Wallet, iPod, Motorola Razr. Full-to-bursting kikay kit. A pair of shades. The prescription glasses you vow to wear more often, but don’t. Twelve-inch MacBook in its snug neoprene sleeve, its charger and a spare battery pack. Red Moleskine notebook, a couple of pens. A jacket, since your office is Siberia in Manila. A slinky black cami for after-dinner drinks with the girls. And since you simply can’t bear the thought of wearing your black work pumps with said cami, a pair of killer patent stilettos. A selection of cuffs and chains to accessorize. A book – just in case you get stuck in traffic. A change of underwear – just in case. The house keys. The kitchen sink. And then some.

This is your life, and you’d be nuts to try and stuff it all into a precious little satin clutch or a darling mini satchel (although you’ve tried more than once). Thankfully, now you don’t have to. The perpetually busy and style savvy can literally live large without having to resort to shapeless sacks, staid boxy suitcase-like contraptions, bulky backpacks, or (horror of horrors) very large paper bags – because in 2006, the big bag is back in a big way.

From Frumpy To Fashionable

Once considered the frumpy old maid aunt of the slim clutch and sleek handbag, the big bag has been refreshed and refurbished with style, enjoying a resurgence on fall runways. Fashion’s biggest names have eschewed flimsy miniatures in favor of more practical, large bags without sacrificing form for function. A number of designers have already invested in big bags, making them a key for look both the current and coming retail seasons – and making the lives of on-the-go urbanites easier and choicer well into 2007.

Inspired by the frenetic lifestyles of New York women, today’s big bags are built to hold everything one could ever need to dash off from work to after-hours pursuits, be it a dinner, yoga class or a evening out on the town. More importantly, these bags sport a stylish gloss that allows a whopper of a bag to transition flawlessly from day to night. So you can cart the kitchen sink to work and back if you so desire, and still look your chic and sexy best – because the big bag has gone from frumpy to fashionable.

Luxe Leathers, Soft Silhouettes

To catapult the big bag from dowdy to divine, designers from Anya Hindmarch to Zac Posen have dipped into an equally immense bag of tricks, which includes a variety of luxe materials, a plethora of details, and a bag hag’s candyland of shapes and silhouettes. But only one size – large, of course.

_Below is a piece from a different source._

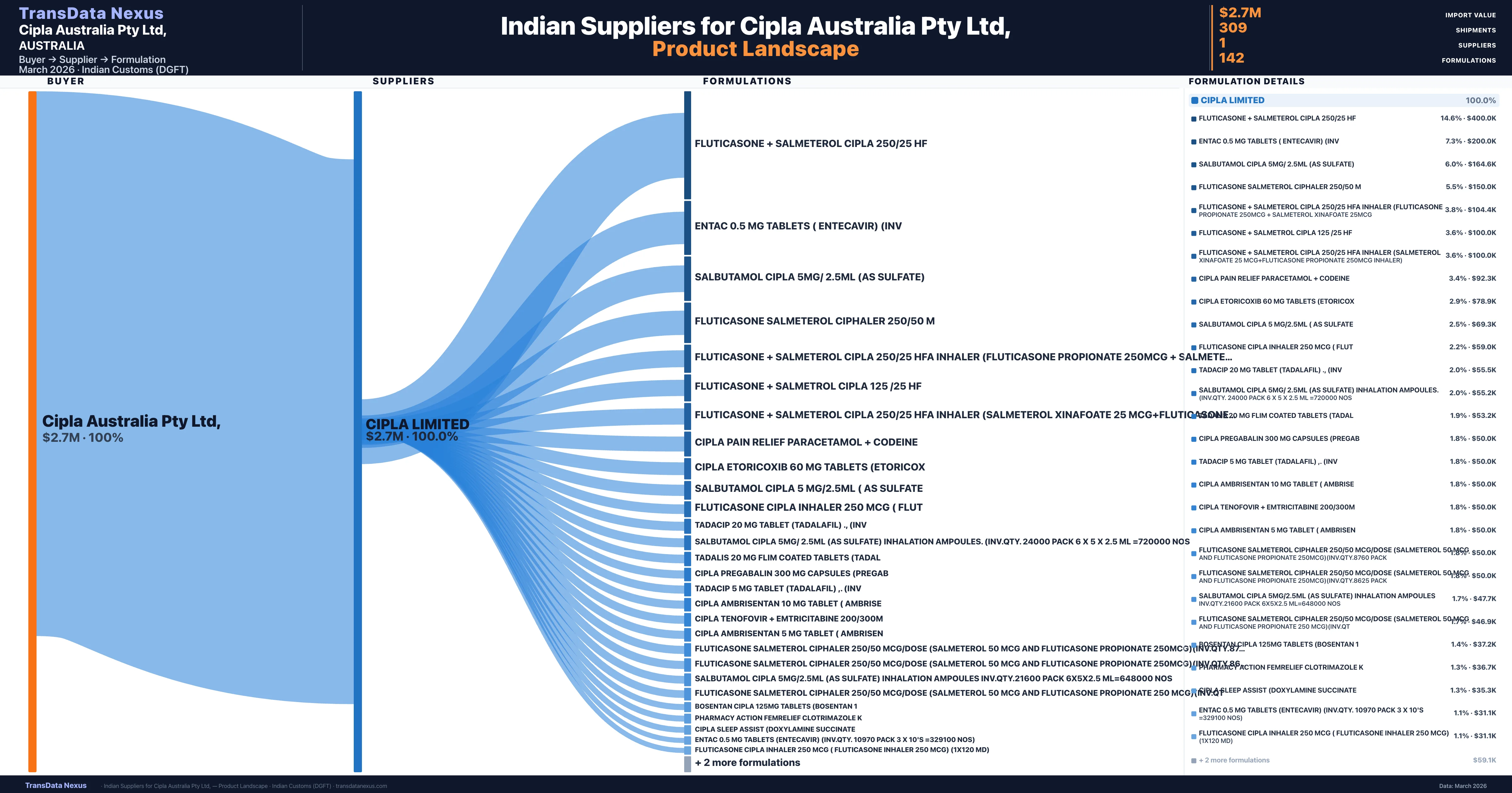 Cipla Australia Pty Ltd, sources from 1 verified Indian suppliers. The primary supplier is Cipla Limited (100.0% of imports, $2.7M).
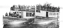The summer of 1913 was one of the busiest ever yet for tourism at Newport. As of August 4, 1913, over 3,500 persons had arrived at the city in the previous eight days.[20] Overcrowded trains on the Southern Pacific line to Yaquina City were reported to be running an average of an hour late.[20] It was said that the boiler on the Newport (which came from the condemned steamer T.M. Richardson) was too small for its engine.[20] According to a newspaper report, "throngs, herded like cattle on boats and barges, pass about an hour on a ride of three minus and a half across the bay when compelled to go to restaurants."[20] Reportedly hundreds of passengers had complained to the railway or the steamboat company, but nothing had been done to improve things.[20]

Luxe leathers figure prominently among the recent harvest of huge bags, with finishes that make the big bag whisper “touch me” rather than shout “I have a million and two things to do today, and damned if I’ll carry one of those silly armpit bags.” Distressed, pebbled, quilted – texture is the name of the game, as shown by the recent runway crop: outsized totes from Prada and Marc Jacobs in deerskin and quilted leather, respectively, as well as pebbled leather hobos from Burberry and rich buffalo leather shoulder bags from Valentino.

The belt isn’t the only accessory that’s going patent and huge as of late; the big bag is hot on its trail. Pick up a huge tote or bowling bag in black patent, resist the urge to match it with your wide patent belt (there’s always tomorrow), and you’ll be all set. Look to Jimmy Choo’s gold-buckled totes and to Anya Hindmarch’s roomy, luxe bowling bags for a little black patent inspiration.

And while we’re on the subject, bowling bags have found fashion favor once more. Bowling shapes abound on fall runways; Marni has released bowling bags in cream and dark brown, dressed up with chains and discs, while Chloe has beefed up its Paddington line with metallic bowling bags. Apart from bowling bags, the hottest big bags come in relaxed and rounded shapes, boasting soft edges, curved frames, and of course, lots of room.

Get The Look

For bag hags who are on the hunt for the new and improved big bag, hie off to SM for the latest textures and silhouettes – without the mind-blowing price tag. Load up on details and embellishments; fall’s harvest of bags are decidedly un-minimalist. Go nautical with stripes and braided (keep one eye peeled for braided handles), equestrian with straps and buckles.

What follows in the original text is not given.